━━━━━ MATERIAL PROVIDED ━━━━━
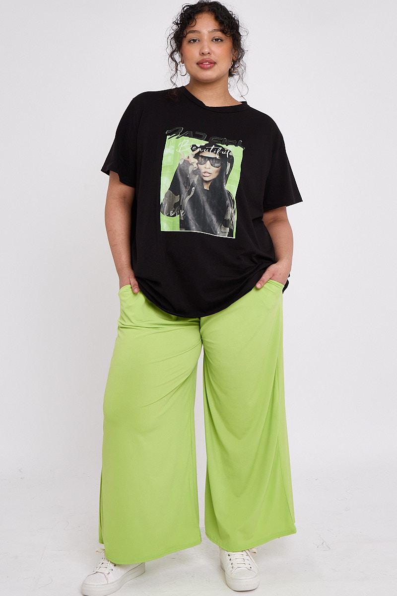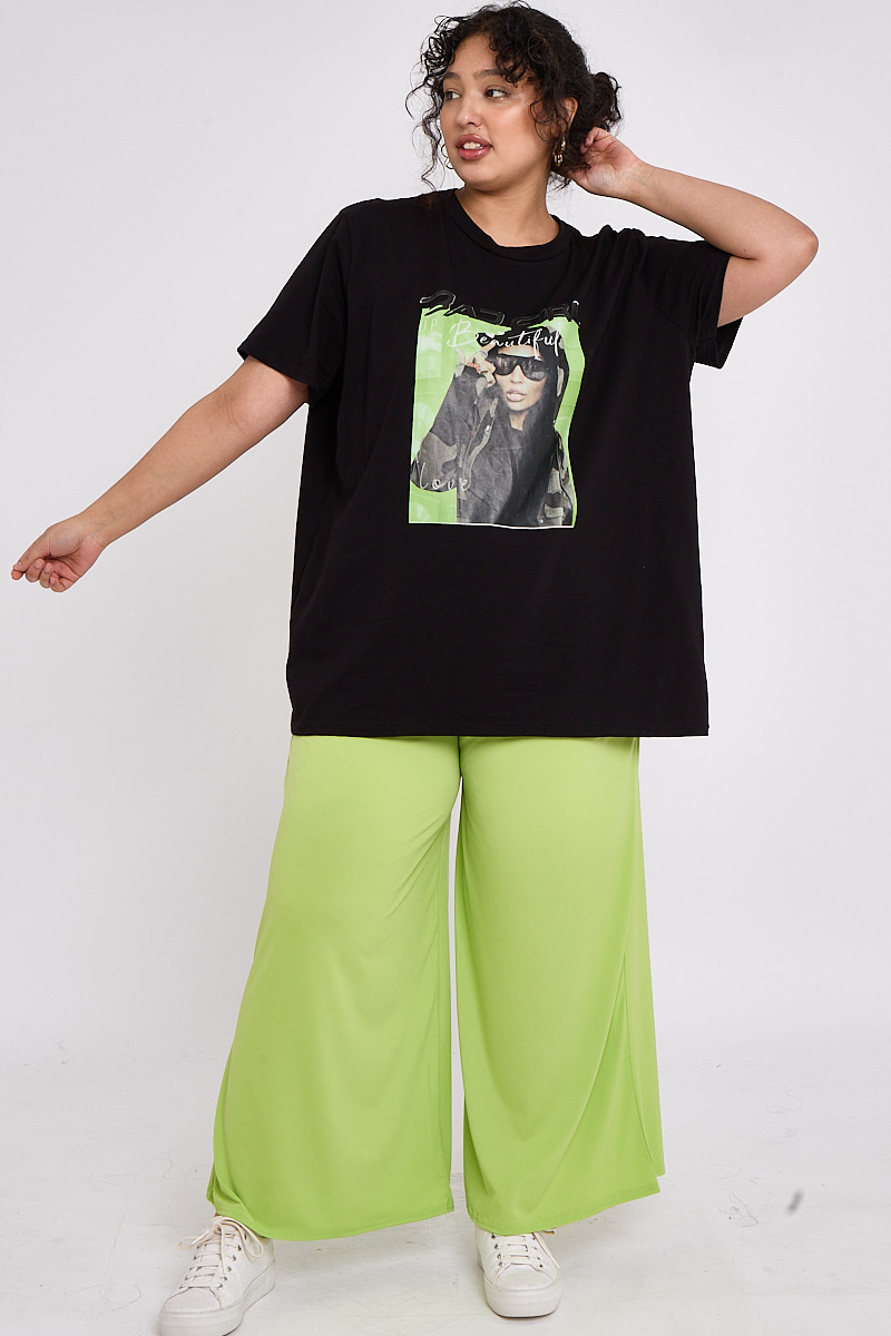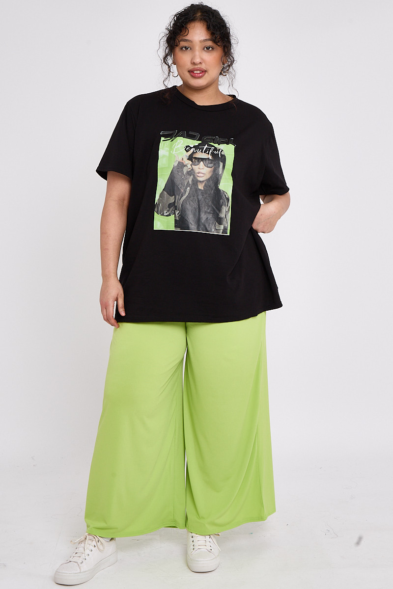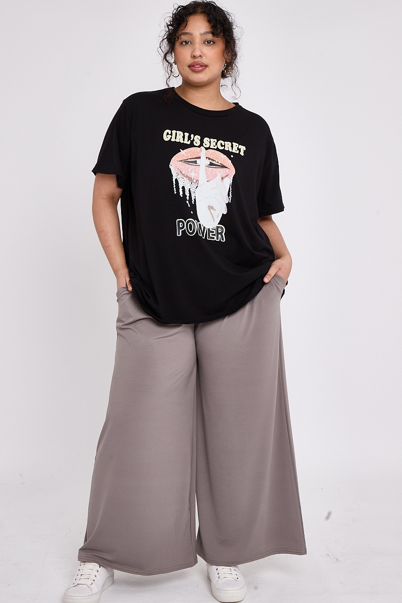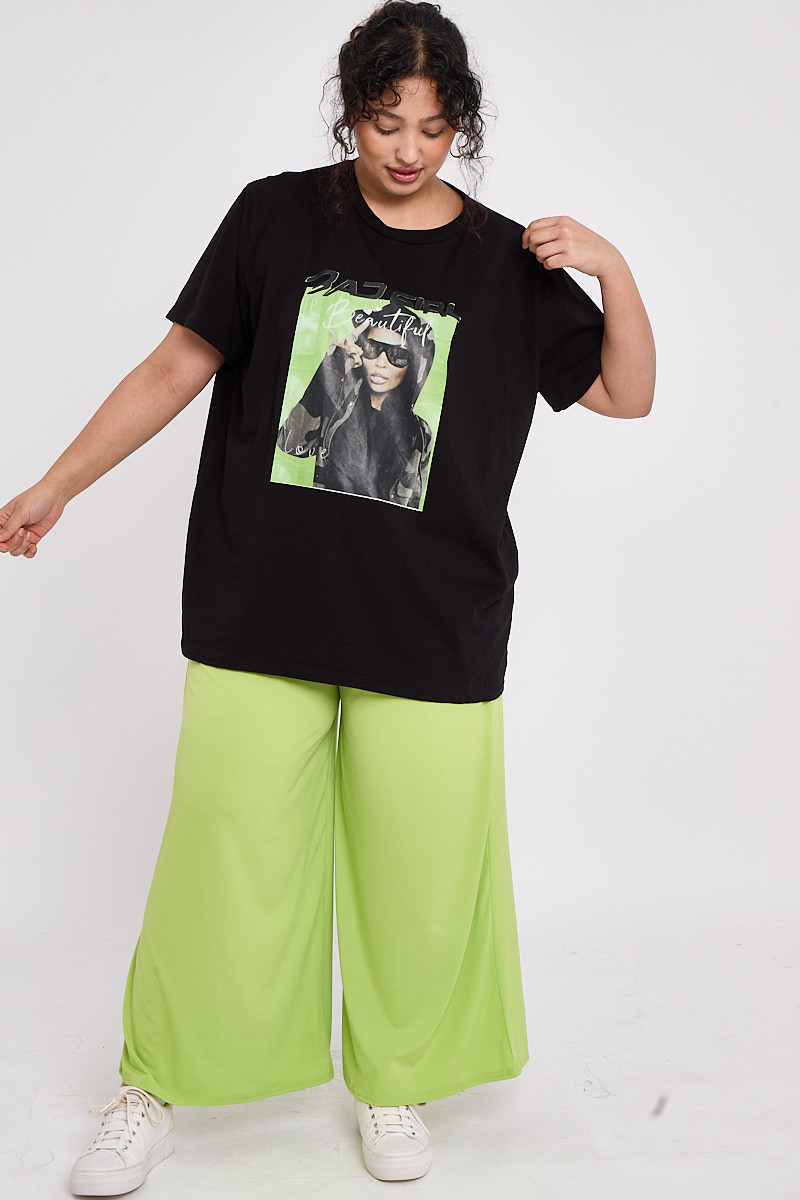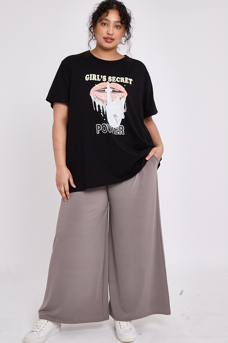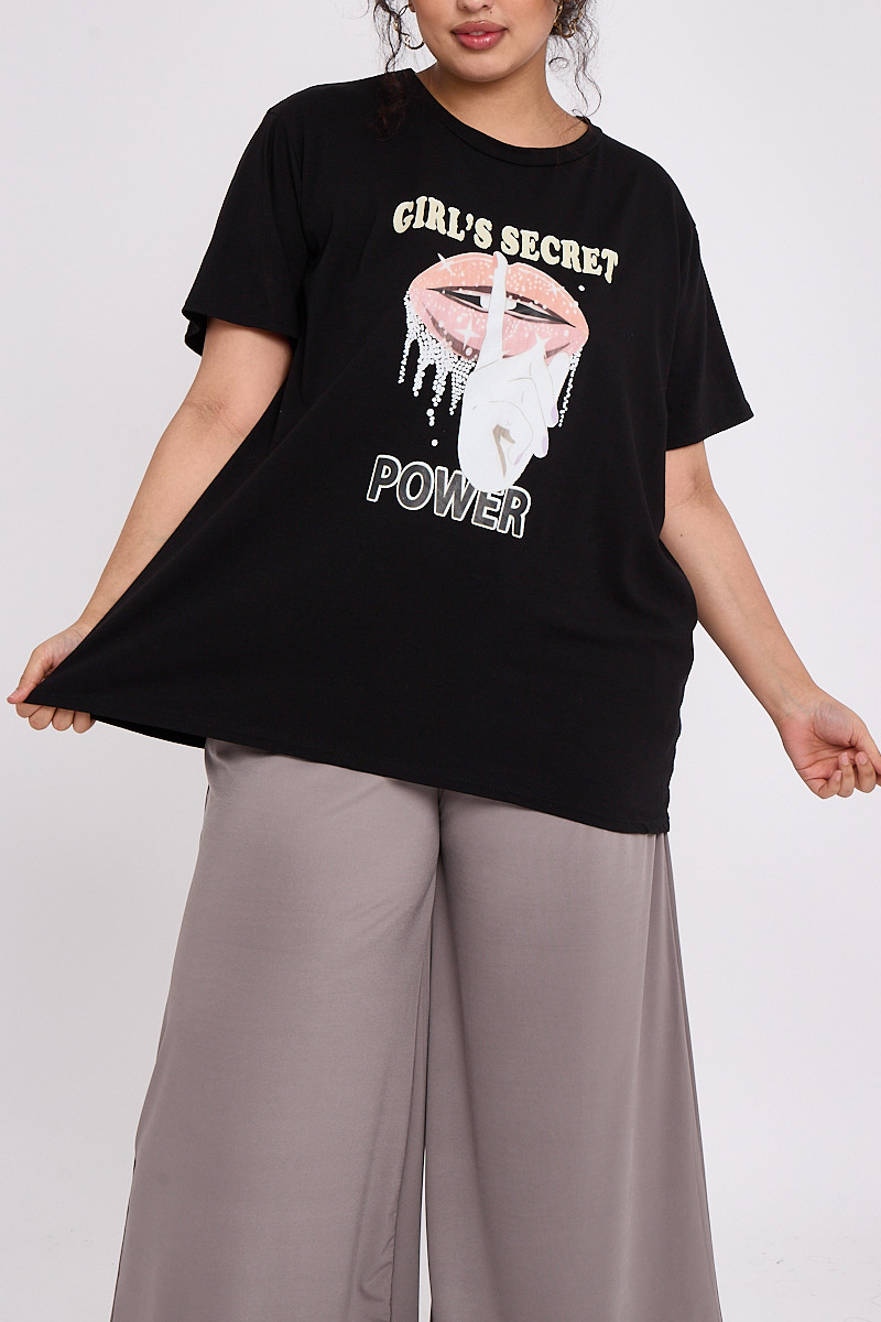 Plus Size Black Printed Short Sleeve T Shirt x 5
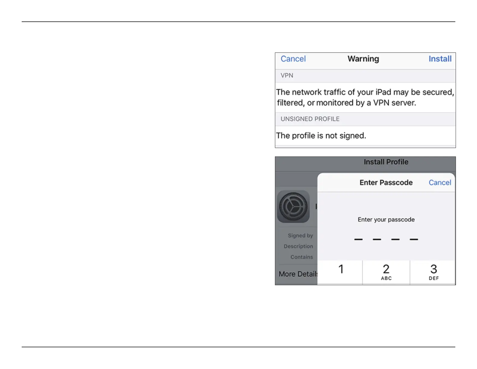 The Install Prole dialog will appear, tap Install in the upper right hand corner of
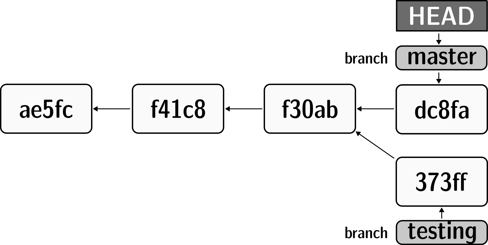 few abbreviated hashes of the 15 most recent commits[2]:
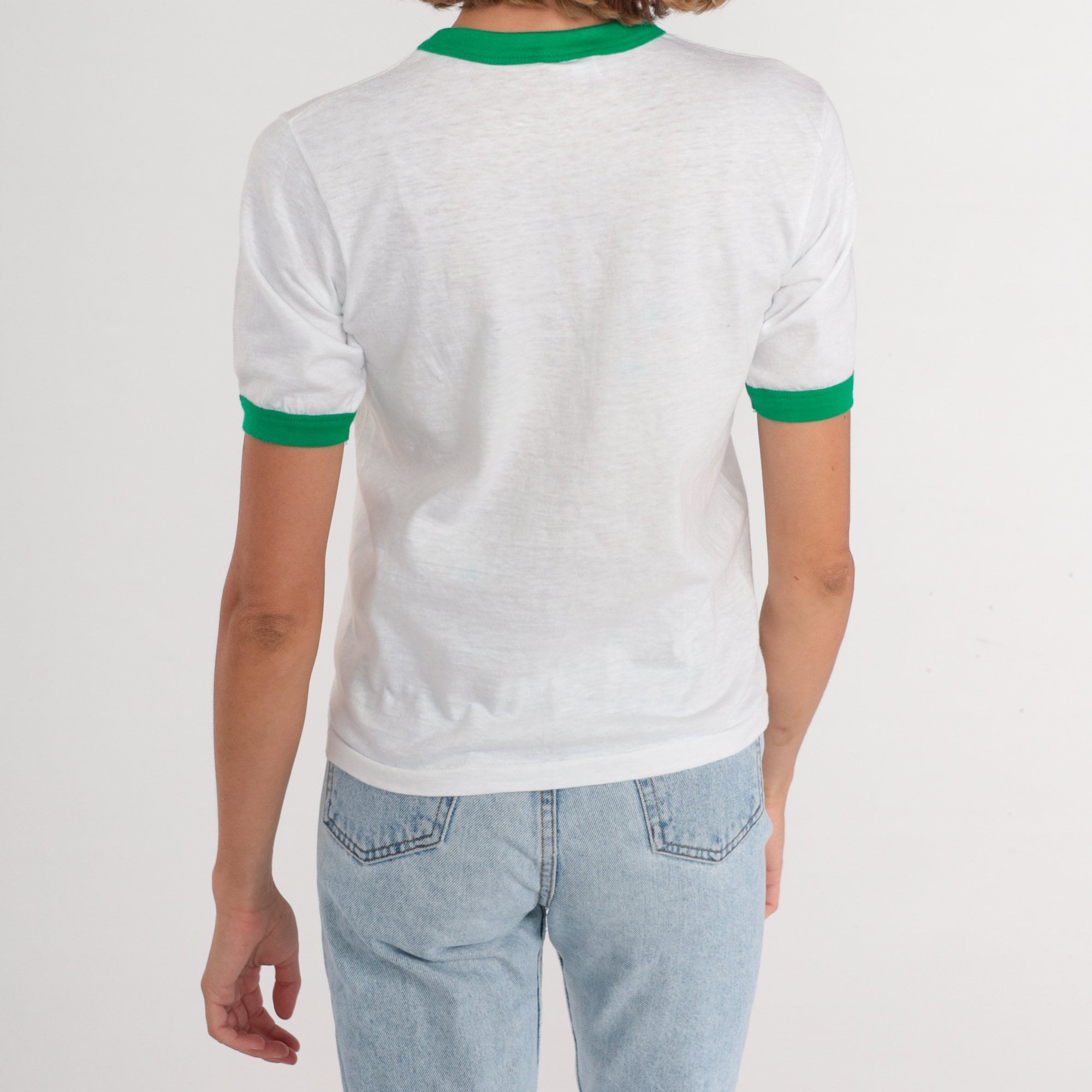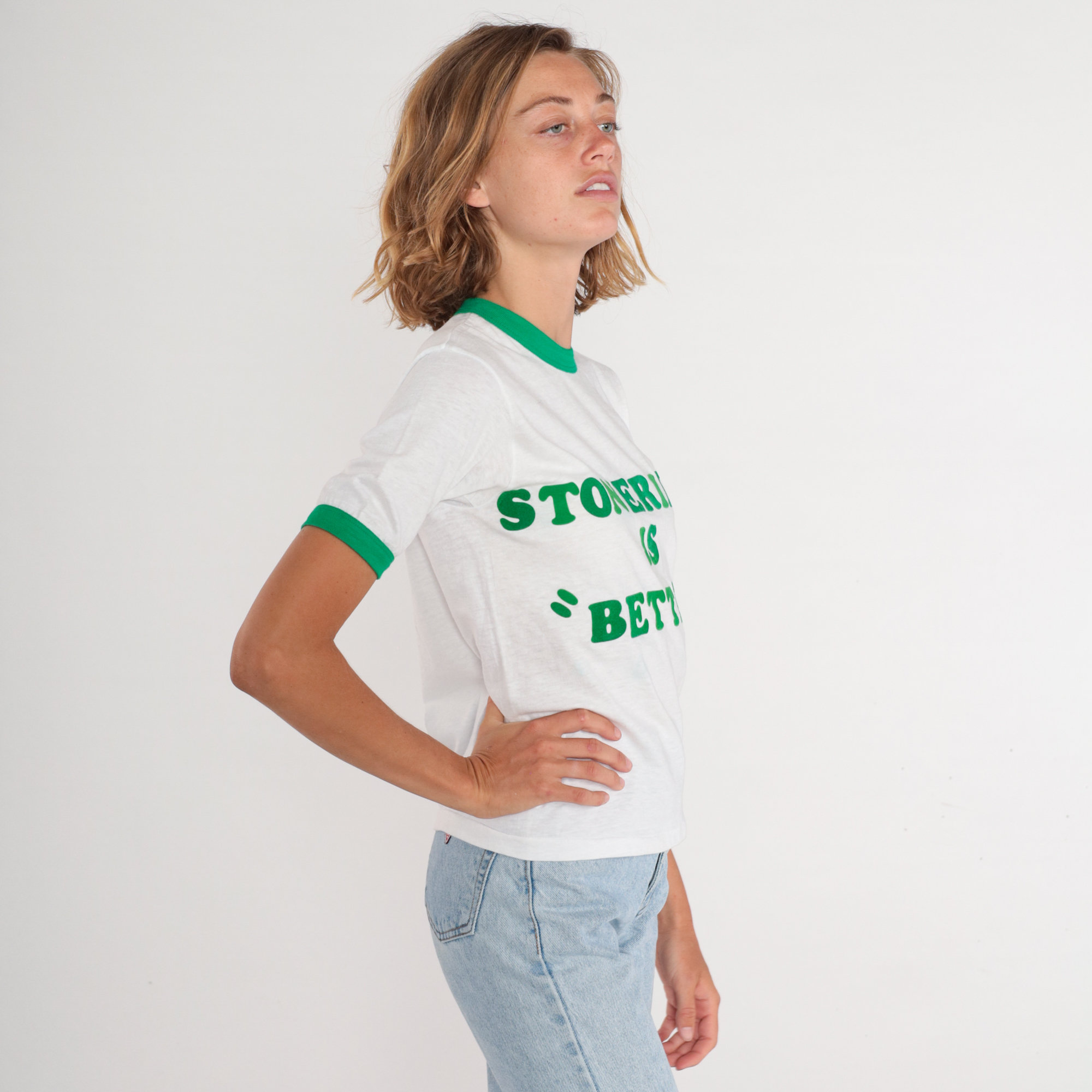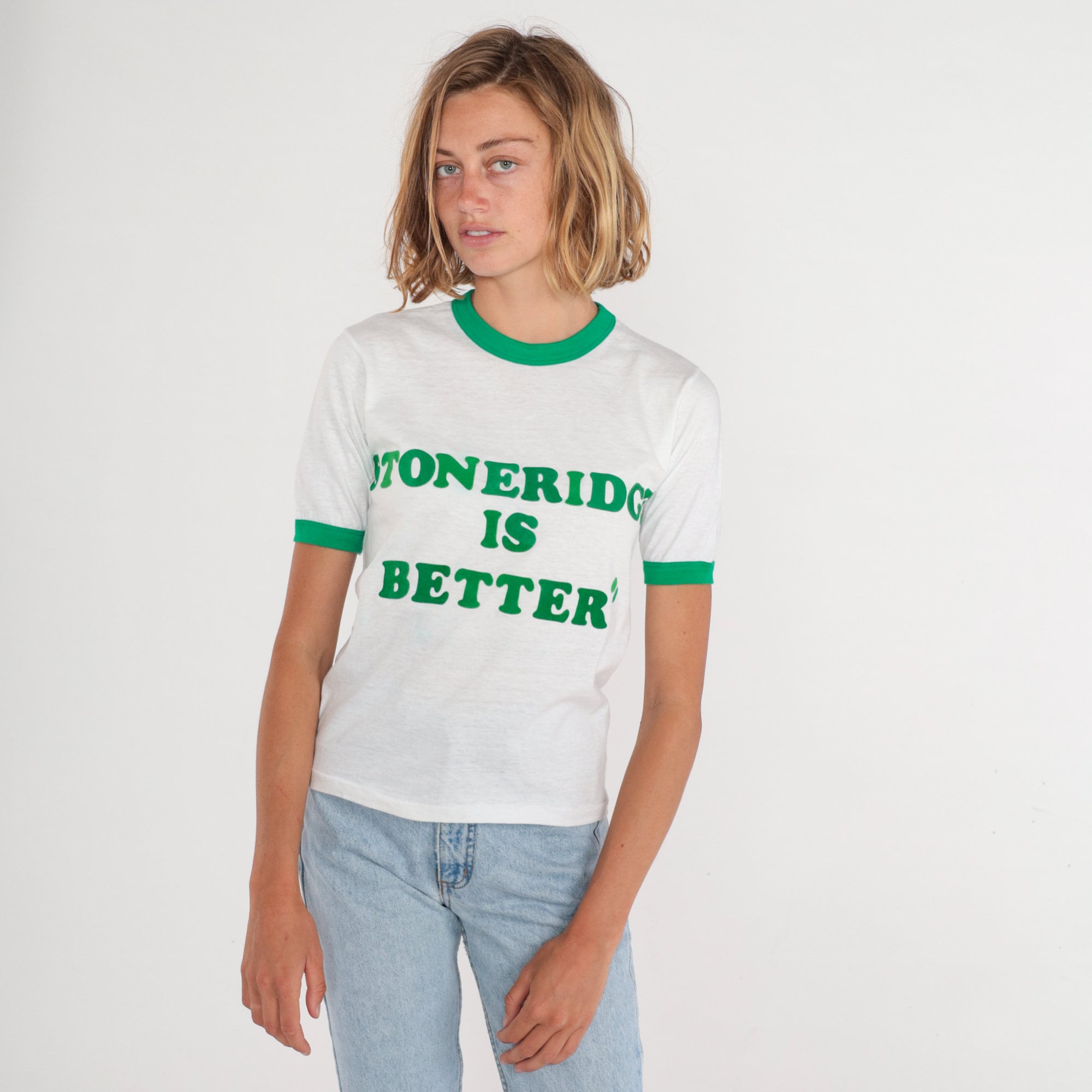 Vintage 80s t shirt in white with green ringer trim and Stoneridge is "Better" in velvety lettering on the front.
━━━━━
→ **WHAT IS NEEDED**: Please write out, word for word, each line from the one with "The Install Prole" to the last line of the data, keeping both ends and omitting pictures.

→ **YOUR SOLUTION**:
 The Install Prole dialog will appear, tap Install in the upper right hand corner of
 few abbreviated hashes of the 15 most recent commits[2]:
 Vintage 80s t shirt in white with green ringer trim and Stoneridge is "Better" in velvety lettering on the front.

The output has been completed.